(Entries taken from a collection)
--------
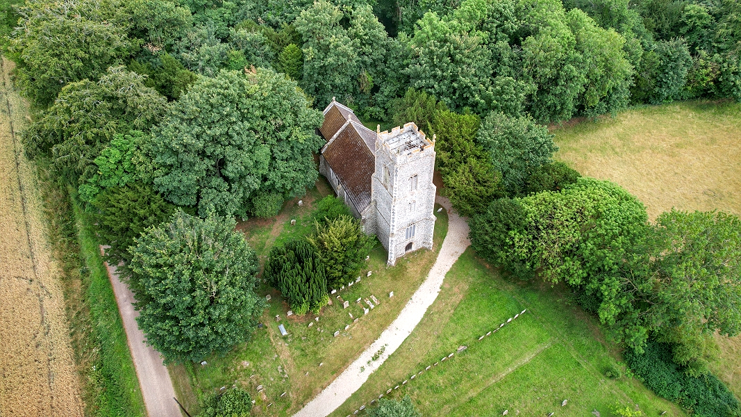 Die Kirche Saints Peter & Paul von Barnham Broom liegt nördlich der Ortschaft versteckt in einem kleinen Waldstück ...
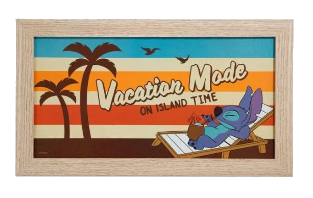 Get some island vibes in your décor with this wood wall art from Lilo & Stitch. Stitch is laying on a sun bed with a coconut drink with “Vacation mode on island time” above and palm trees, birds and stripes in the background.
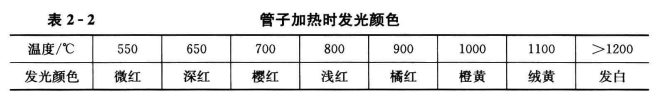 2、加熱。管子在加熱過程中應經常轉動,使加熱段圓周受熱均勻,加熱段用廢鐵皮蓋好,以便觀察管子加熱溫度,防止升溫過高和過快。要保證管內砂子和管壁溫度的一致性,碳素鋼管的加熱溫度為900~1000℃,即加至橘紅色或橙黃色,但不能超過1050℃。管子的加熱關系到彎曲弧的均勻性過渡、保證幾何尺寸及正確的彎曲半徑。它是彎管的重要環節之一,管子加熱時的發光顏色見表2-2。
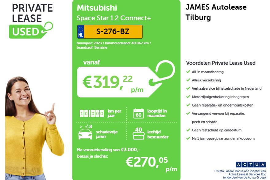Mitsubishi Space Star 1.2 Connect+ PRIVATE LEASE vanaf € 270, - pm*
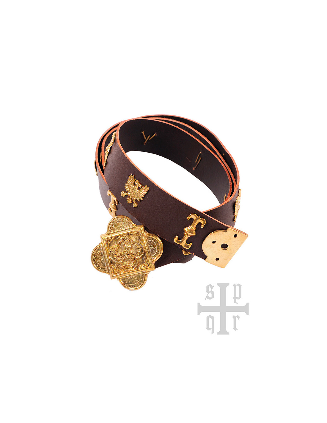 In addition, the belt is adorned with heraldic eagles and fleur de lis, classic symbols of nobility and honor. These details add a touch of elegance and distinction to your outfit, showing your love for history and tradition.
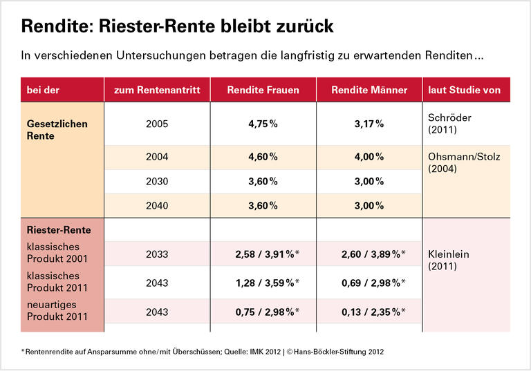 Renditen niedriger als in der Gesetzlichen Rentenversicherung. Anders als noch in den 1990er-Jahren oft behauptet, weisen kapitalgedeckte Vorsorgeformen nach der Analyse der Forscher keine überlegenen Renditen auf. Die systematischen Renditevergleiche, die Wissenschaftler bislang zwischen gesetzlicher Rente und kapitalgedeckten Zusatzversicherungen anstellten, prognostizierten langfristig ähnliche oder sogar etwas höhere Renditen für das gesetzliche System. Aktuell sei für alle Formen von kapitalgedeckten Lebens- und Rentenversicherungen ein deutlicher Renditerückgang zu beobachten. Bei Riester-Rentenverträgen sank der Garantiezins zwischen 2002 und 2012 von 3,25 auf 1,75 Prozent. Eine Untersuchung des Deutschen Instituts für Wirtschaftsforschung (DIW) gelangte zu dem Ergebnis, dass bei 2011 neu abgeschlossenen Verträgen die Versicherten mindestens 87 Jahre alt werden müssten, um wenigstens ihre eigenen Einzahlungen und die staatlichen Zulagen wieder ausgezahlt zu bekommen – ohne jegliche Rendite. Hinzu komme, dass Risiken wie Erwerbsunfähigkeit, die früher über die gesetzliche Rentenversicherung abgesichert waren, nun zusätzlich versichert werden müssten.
--------
• [Task objective]
Write out exactly the run of lines above that starts at the line containing "Mitsubishi Space Star" and ends at the line containing "In addition, the". Include both, and leave the pictures out.

• [The completed task]
Mitsubishi Space Star 1.2 Connect+ PRIVATE LEASE vanaf € 270, - pm*
 In addition, the belt is adorned with heraldic eagles and fleur de lis, classic symbols of nobility and honor. These details add a touch of elegance and distinction to your outfit, showing your love for history and tradition.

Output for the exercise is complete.